Barnhart on the gulf between bloggers, reporters

I’ve never heard of Aaron Barnhart, but he sure is smart.

It is tired. Why do you think blogs vs. print issue has such legs? Navel gazing on the part of reporters/bloggers?

That’s partly to blame, I’m sureā€”but I think there are deeper reasons. With bloggers, I think it’s simple. They like to see themselves as part of something big, grand and revolutionary. Many, I think, genuinely believe they are transforming the media by challenging the mainstream media (MSM), although I’m not sure there is much hard proof of that. Beyond that, that anti-MSM stance is the fire that keeps their blogs going. It informs a lot of what they write.
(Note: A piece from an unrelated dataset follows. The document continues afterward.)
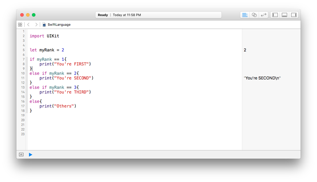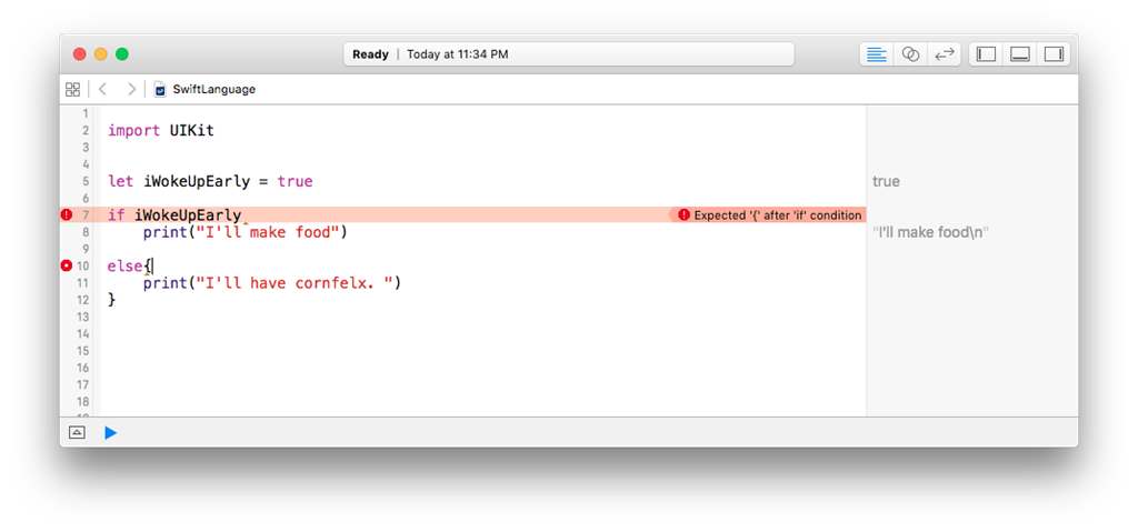 - Whether you have one line of code or two, you have to put those curly braces after condition. Apple thinks it enhances the readability of code.
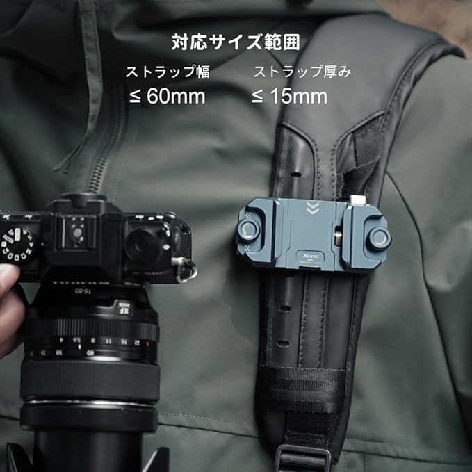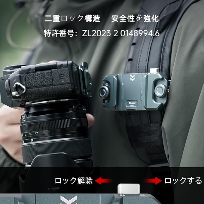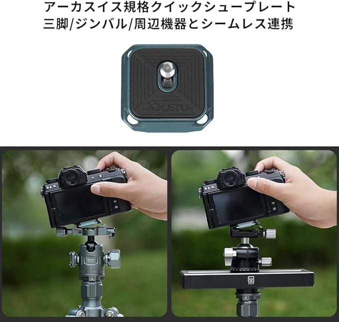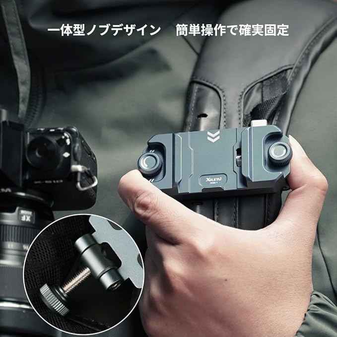 【XQD1クイックリリースシステム】:XILETUはクイックリリースシリーズを開発し、カメラとアルカスイス対応できクイックリリースプレートの装着状態で、カメラホルスターとショルダーストラップの間に、素早く切り替えることを実現します。カメラと三脚&雲台の間にクイックリリース化して脱着の手間が大きく省けます。

Many print journos, on the other hand, don’t understand blogging and see bloggers as irritants, people who criticize their work but also wouldn’t have material for their blogs if not for the MSM. Meanwhile, every newsroom in America now has top management beating the drum for their staff to “do blogs,” even though it’s clear that many journalists in print and TV haven’t the foggiest idea how or why they should “do” one. (Witness the trail of busted blogs across news organizations.)

I just spoke on blogs to a features editors’ convention so I know that interest remains high. Editors are not dumb, they know their staff should be doing them, but that many don’t want to and many staff blogs go untended.

But journalists are torn on this. They know money is flowing out the door. They know a lot of it is going to online (though not necessarily enriching the people who criticize their work so passionately). They know they need to get with the program. But many aren’t sure how to proceed, or if ultimately their expenditure of effort online will be worth the effort.